1809 - Italy & Austria
Two battalions served in the Army of Italy, initially in Julhien's brigade of Fontanelli's division (the army was reorganised several times during the campaign). Fought at Sacile and Klagenfurt.
1809 - Spain
The regiment remained in VII Corps, fighting at Igualada, San Magin & Valls before sending one battalion back to Italy. Part of the "covering corps" for the siege of Girona.
1810 - Spain
The remaining two battalions, still in Pino's (later Severoli's) division of VII Corps, was at the siege of Hostalrich - the last Spanish Garrison in central Catalonia.
1811/12 - Spain
After covering the siege of Tortosa, the regiment was part of the Italian force ambushed and defeated at L'Illa. Transferred to Suchet's Army of Aragon with the rest of the Italian division (now commanded by Peyri). After the siege of Valencia in 1811, the regiment does not appear to have taken part in any further actions in Spain, although it appears in orders of battle as late as June 1813. Presumably it was engaged in garrison duties.
1812 - Russia
The 4th battalion formed part of Fontana's brigade in Pino's Division of IV Corps. They fought at Malo-Jaroslavetz and were so depleted by the retreat that they only mustered 7 officers and 6 men (from an original strength of nearly 500) at the end of December 1812.
1813 - Germany
By April 1813 the 4th battalion was rebuilt and allocated, with the 2nd & 3rd battalions, to St Andrea's brigade, Peyri's division, IV Corps. However the regiment did not take part in either Lützen or Bautzen, but may have been part of the force overwhelmed at Königswartha. After the armistice the regiment fought at Gross-Beeren, Dennewitz, Wartenburg, Leipzig & Hanau.
1814 - Italy
The remnants of the regiment, from both German and Spanish theatres, fought in General Zucchi's division of the army of Italy.

Organisation

The regiment was organised into four battlions and a depot in line with the standard infantry organisation.

Uniform

An early picture of the appearance of this regiment is given by the Otto Manuscript, which shows several of its members as they appeared in 1807.

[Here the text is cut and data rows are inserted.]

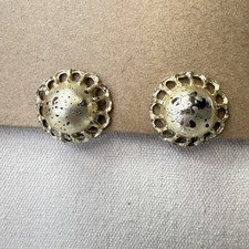 Vintage Dome Earrings Metallic Splatter Gold-Tone MCM Mid-Century Retro
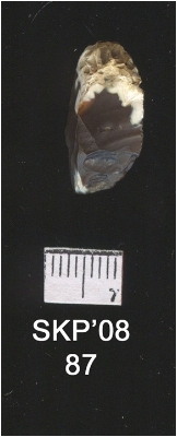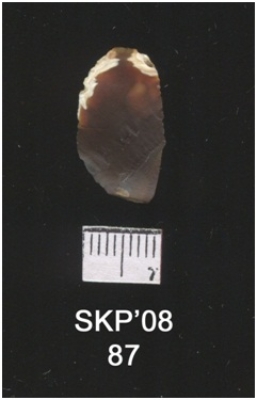 | Description / विवरण | It s a carnelian flake; it has got prominent bulb of percussion on the ventral side. Reddish in color, the surface have small portion of cortex on it, whitish in color. |
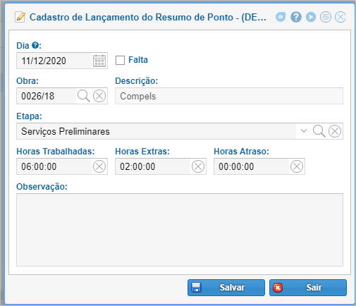 - Falta: marcar em caso de falta do funcionário no dia selecionado;
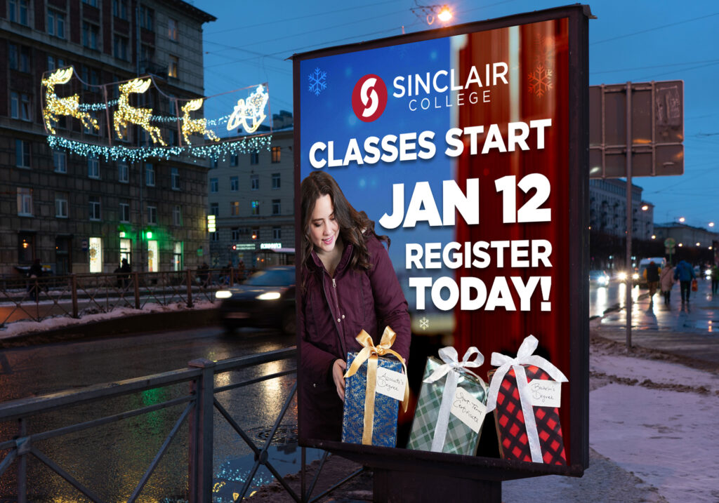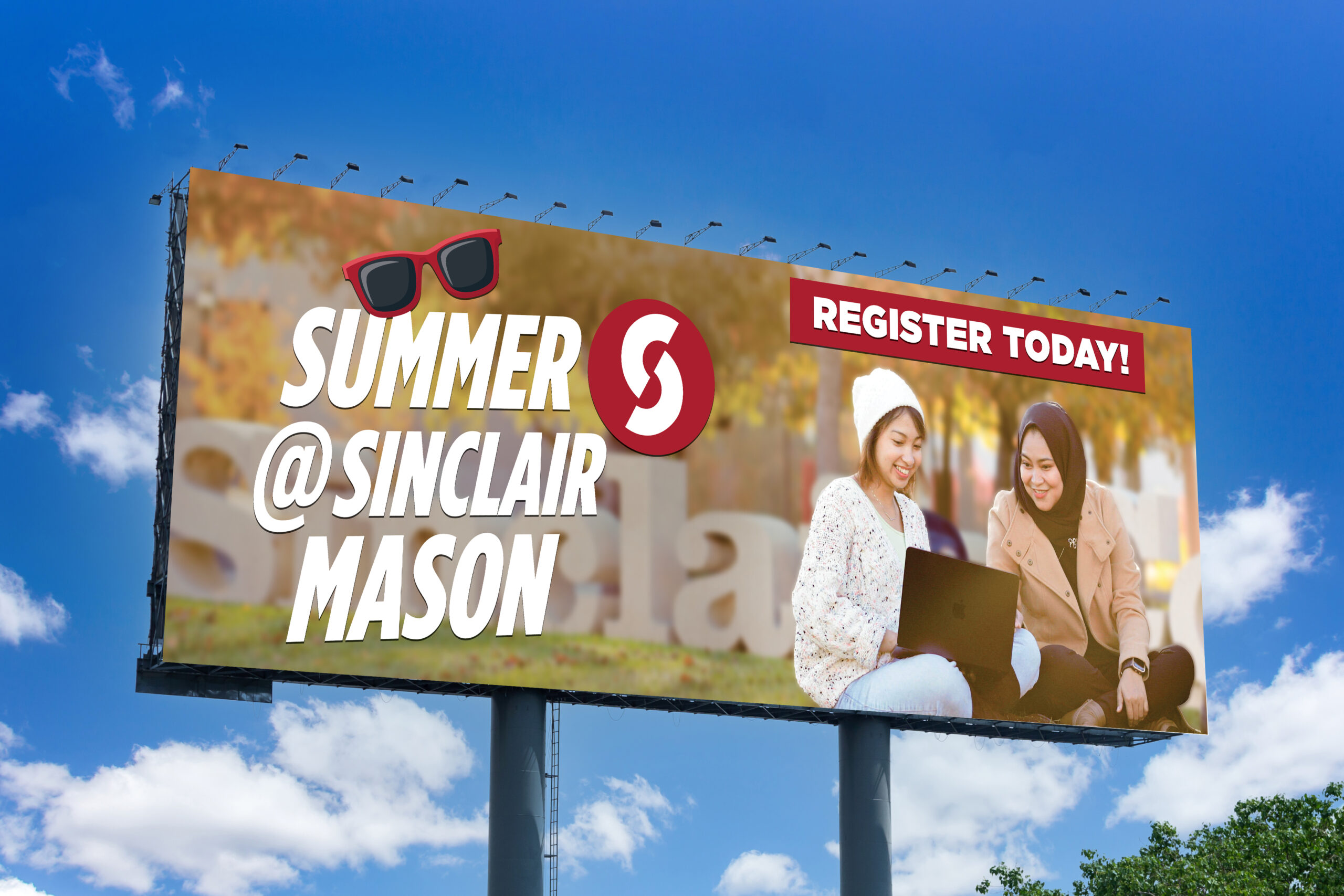 Another fun billboard creation with the concept of a "Summer" and "outdoors" vibe. The goal to capture the attention of students to remind them to register for Summer courses at Sinclair. My objective was to keep it fun, within Sinclair branding and legible when passing by on the highway from Mason, OH.

Figures from the Otto Manuscript

The light infantry uniform was not formalised until 1811 when the following was specified:

Headgear
On campaign, all companies wore a French style shako with a white metal lozenge-shaped plate bearing the regimental number within a hunting horn. The shako bore a green, red and white cockade and a pom-pom that was green over white for cacciatori, green or yellow for volteggiatori and red for carabinieri. Shako cords were white for cacciatori, green and yellow for volteggiatori and red for carabinieri. for parade dress, the carabinieri wore a bearskin bonnet with a red plume and without a front plate, the red cloth patch at the rear bore a white cross. For undress wear, a green bonnet-de-police fatigue cap was worn, piped in the regimental colour (see below).
Coat
The coat was dark green and of the short tailed habite-veste pattern (the long tailed habit-coat was worn prior to 1811). Yellow was the regimental facing colour and was used on the collar and cuffs and as piping on the pointed lapels, pockets, shoulder straps, cuff flaps and turn-backs. There is some evidence that turn-backs were white, but sources conflict. Instead of shoulder straps, volteggiatore wore green epaulettes with yellow crescents, carabinieri wore red ones. Waistcoats were yellow piped with dark green.
Breeches
Breeches were dark green and worn with knee-length black gaiters with white metal buttons. On campaign, green overall trousers were worn with a facing colour stripe down the outer seam.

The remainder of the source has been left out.